Could you transcribe exactly the lines from the one containing "Sådan tændes høretelefonerne" through the last line of the records below, leaving out the pictures?

Data entries:
--- START ---

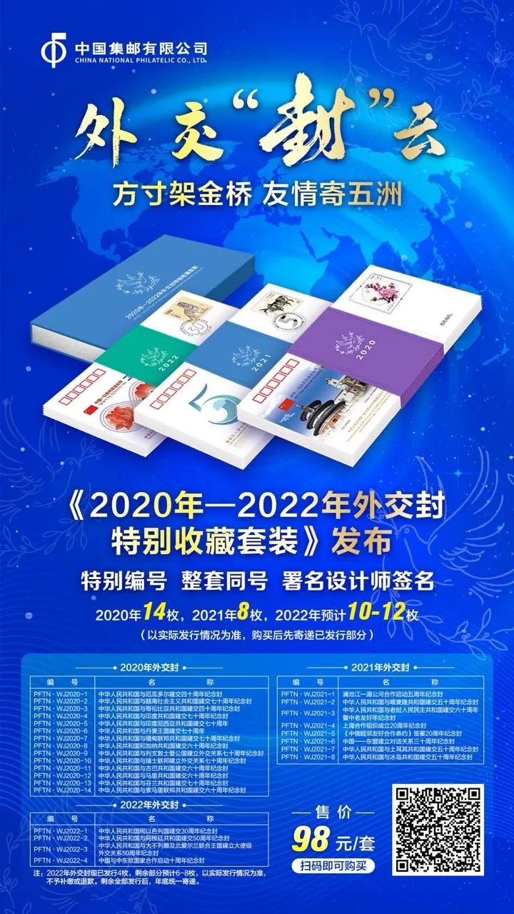 新京报讯(记者吴龙珍)5月12日,中国邮政《2020年——2022年外交封特别收藏套装》开始预订。本次纪念套装内含2020年以来发行的外交封预计共34枚,其中2020年14枚,2021年8枚,2022年外交封现已发行4枚,剩余部分预计6—8枚(以正式发行情况为准)。5月12日举办的“文脉·国脉大讲堂”专题直播节目,以 “外交‘封’云——方寸架金桥 友情寄五洲”为主题,在直播中特邀嘉宾外交部原副部长吉佩定、外交部集邮协会原秘书长马小玲和中国集邮有限公司总经理任永信分享外交封的背后故事,并对其中的特色和意义进行了解读。
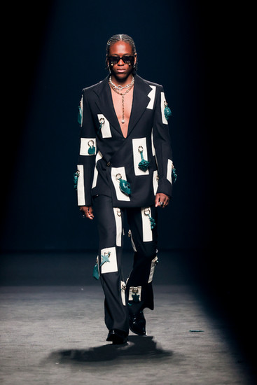La colección va mucho más allá de la estética y cuestiona las narrativas superficiales. Calafat utiliza materiales de alta calidad y con conciencia ambiental, como la seda, el algodón, el cuero y el tencel, pero los combina con una perspectiva surrealista que no teme generar incomodidad. Las características bomber jackets de la firma vuelven una vez más con bordados y algunos detalles que hablan más fuerte que cualquier etiqueta o certificado ambiental cualquiera: esta es la nueva moda española, audaz y sin miedo a provocar alboroto. Además, muchos de los looks son acompañados por la joyería de UNOde50 y lencería de TEZENIS.
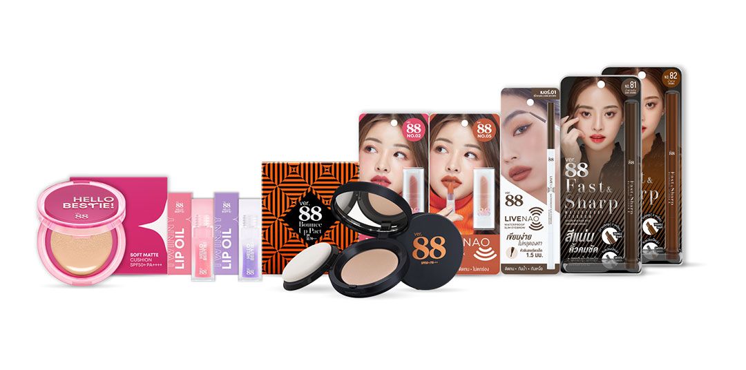 โดยผลิตภัณฑ์แรกคือ “แป้งดินน้ำมัน” ที่โด่งดังทันที ตามมาด้วยลิปสติก รองพื้น และบลัชออน “ver.88 สะท้อนความเชื่อของผู้หญิงยุคใหม่ว่า ความสวยไม่จำเป็นต้องแพง แต่ต้องใช้แล้วมั่นใจได้จริง”
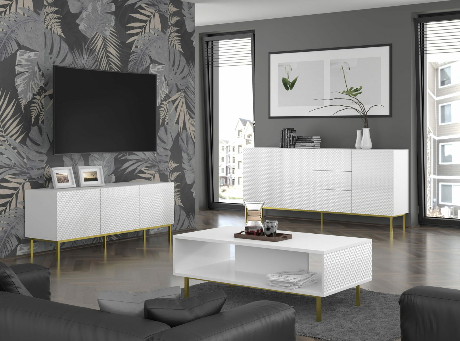 ZobrazitNábytek z prezentované kolekce Rowanna se vyznačuje elegancí a jedinečným vzhledem. Bude vhodný pro zařízení v moderním, italském a minimalistickém stylu. Jednoduchost tvarů a bezúchytkové přední lišty dokonale ladí s decentními řezanými hranami. Tyto neobvyklé dekorace změní interiér obývacího pokoje nebo jídelny a přinesou velkolepý design, který splňuje nejnovější trendy. Kovový rám podpírající korpus zajišťuje stabilitu a dodává osobitý charakter. Série Ravenna se vyznačuje nejen stylovým designem, ale také vysokou kvalitou, funkčností a snadným používáním. Vybavení nábytku systémem „push to open“ zaručuje pohodlné otevírání. TV skříňka se dokonale hodí do zařízení obývacího pokoje a umožní funkční úložné prostory.“
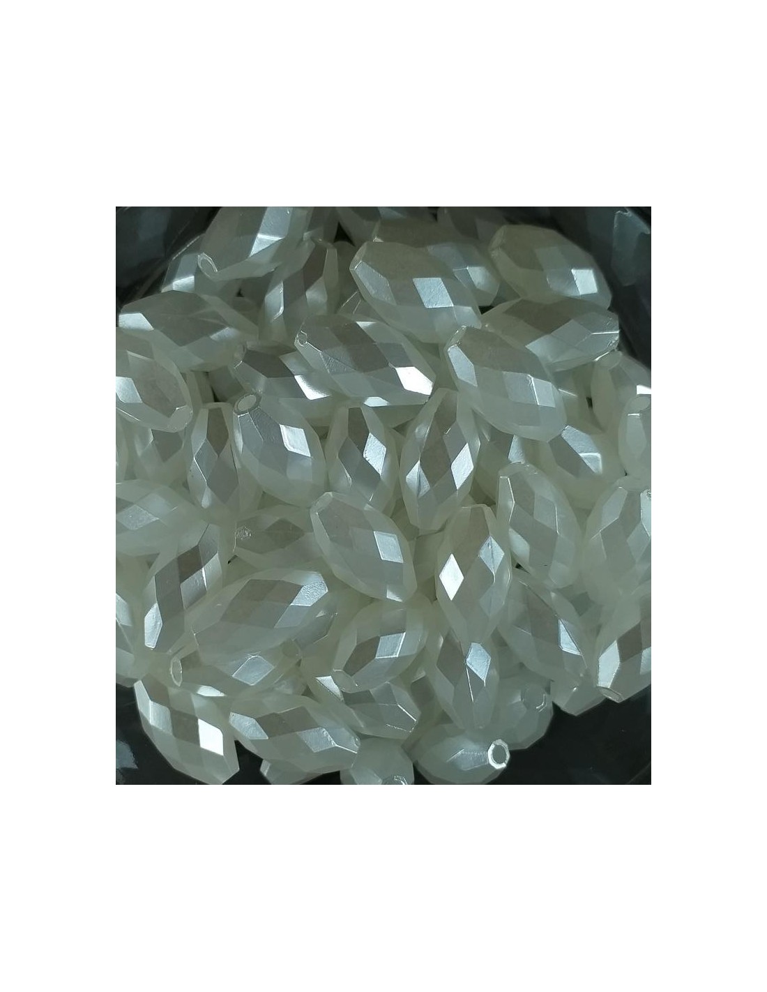 Margele albe sidefate forma ovala fatetata.
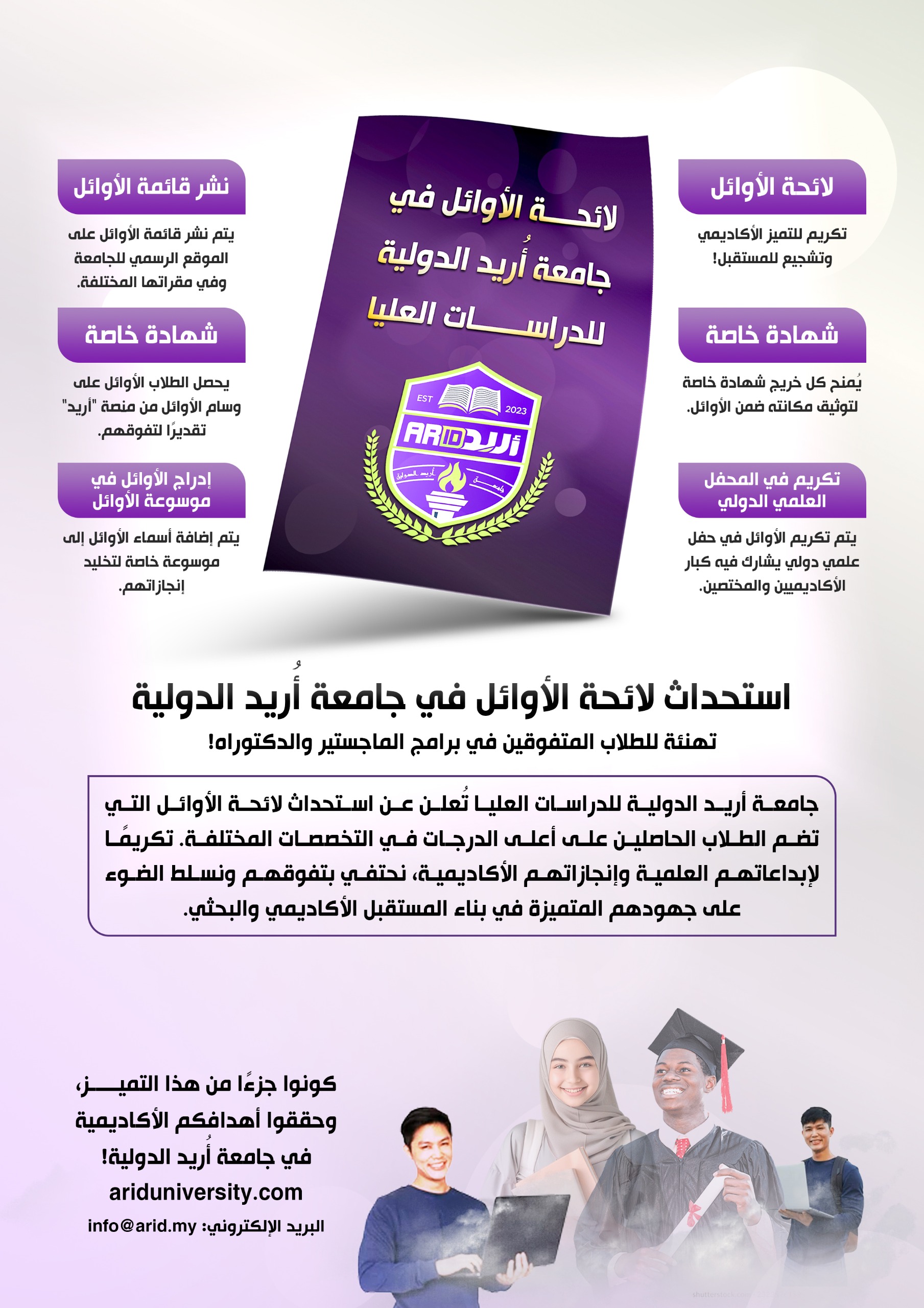 Be a part of this excellence and achieve your academic goals at Arid International University!
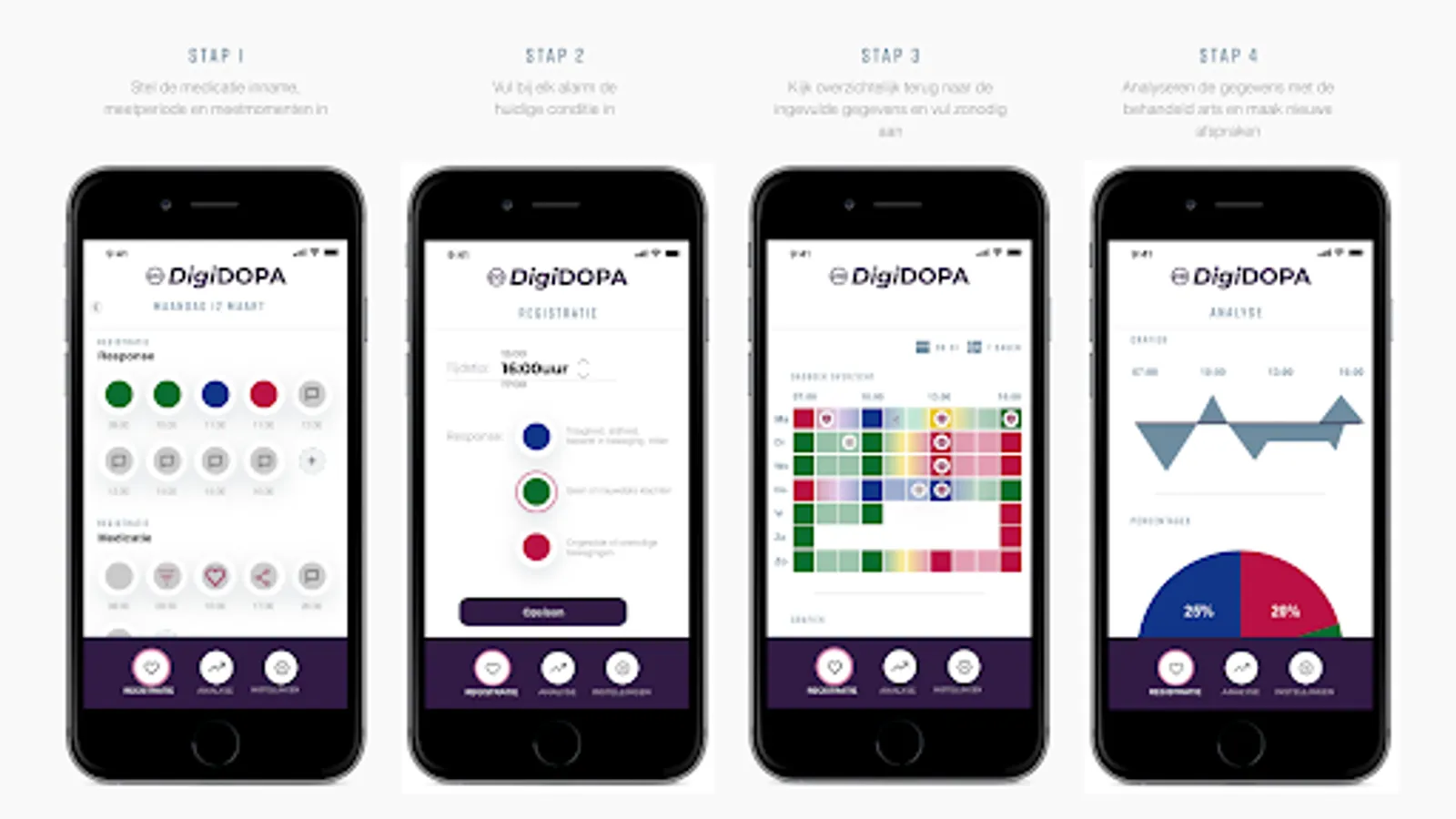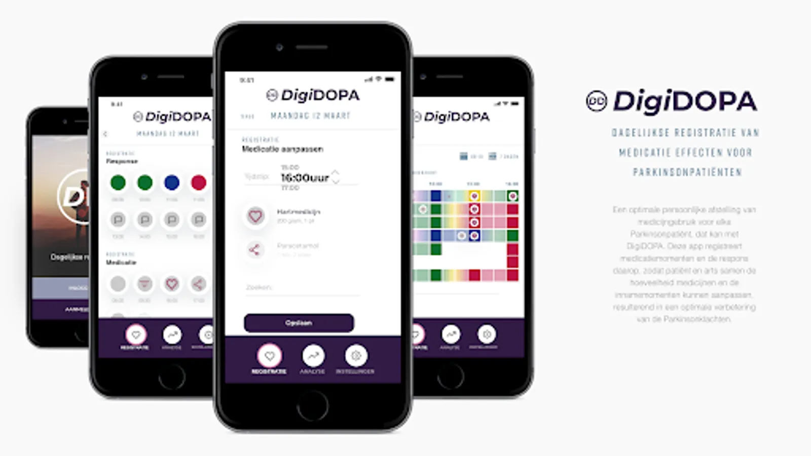 An optimal personal adjustment of medication use for every Parkinson's patient is possible with DigiDOPA. This app registers medication times and the response to them, so that patient and doctor can jointly adjust the amount of medication and the times that they are taken, resulting in an optimal improvement of Parkinson complaints.
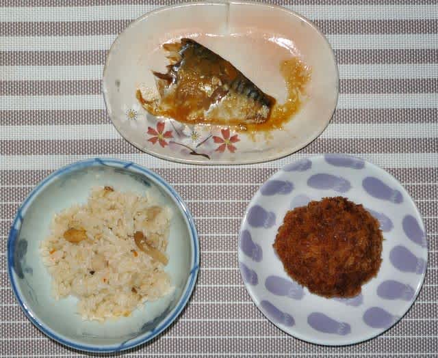 朝食:きのこご飯、ミンチカツ、残っていた鯖の味噌煮
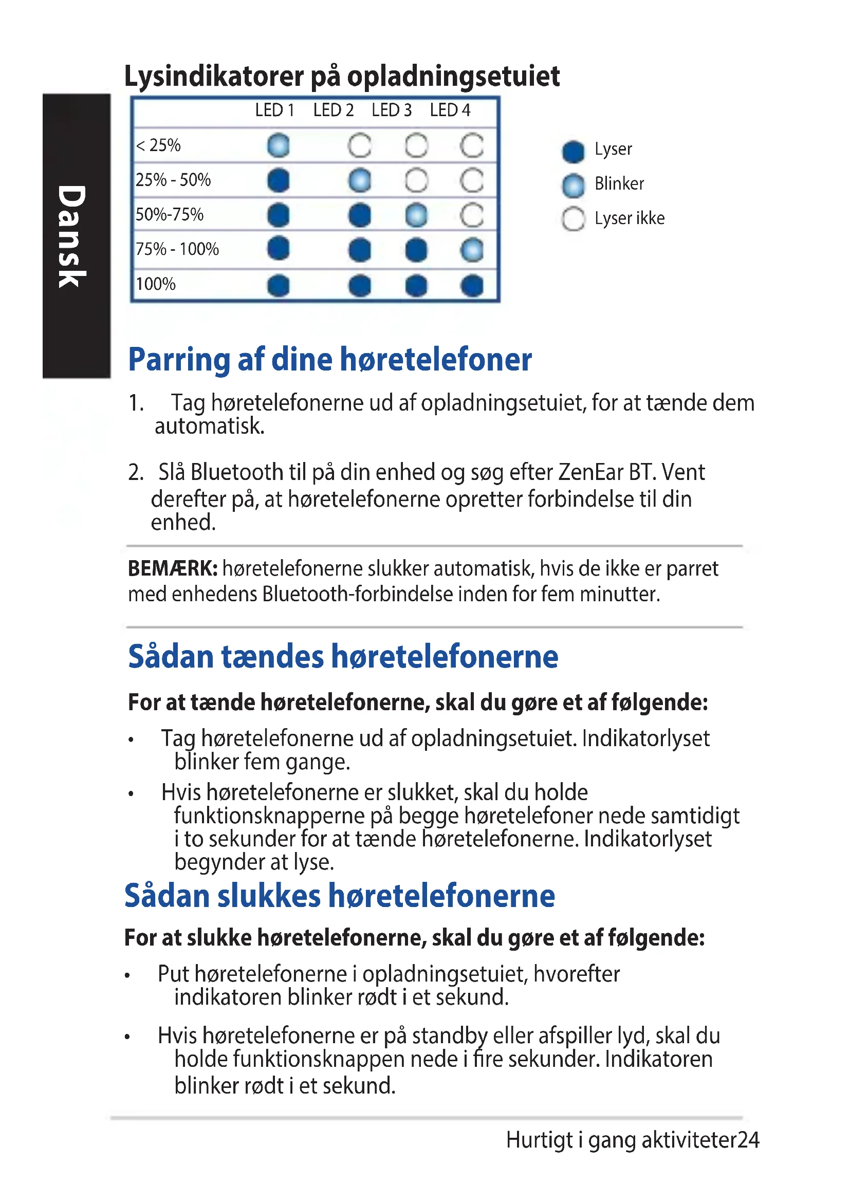 automatisk. 2.SlåBluetoothtilpådinenhedogsøgefterZenEarBT.Vent derefterpå,athøretelefonerneopretterforbindelsetildin enhed. BEMÆRK: høretelefonerneslukkerautomatisk,hvisdeikkeerparret medenhedensBluetooth-forbindelseindenforfemminutter. Sådan tændes høretelefonerne For at tænde høretelefonerne, skal du gøre et af følgende:
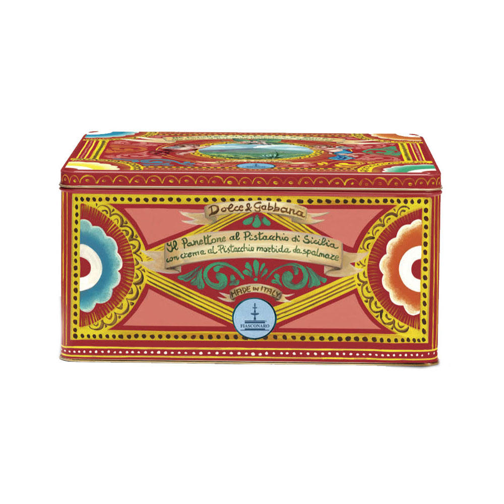 Подлинная классика кондитерского дома Fiasconaro. Панеттоне покрыт белым шоколадом и фисташками, а в комплекте идёт баночка с нежнейшим кремом из сицилийской фисташки, который можно намазывать на ломтики прилагающимся позолоченным ножом.

--- END ---

Finished task —
 automatisk. 2.SlåBluetoothtilpådinenhedogsøgefterZenEarBT.Vent derefterpå,athøretelefonerneopretterforbindelsetildin enhed. BEMÆRK: høretelefonerneslukkerautomatisk,hvisdeikkeerparret medenhedensBluetooth-forbindelseindenforfemminutter. Sådan tændes høretelefonerne For at tænde høretelefonerne, skal du gøre et af følgende:
 Подлинная классика кондитерского дома Fiasconaro. Панеттоне покрыт белым шоколадом и фисташками, а в комплекте идёт баночка с нежнейшим кремом из сицилийской фисташки, который можно намазывать на ломтики прилагающимся позолоченным ножом.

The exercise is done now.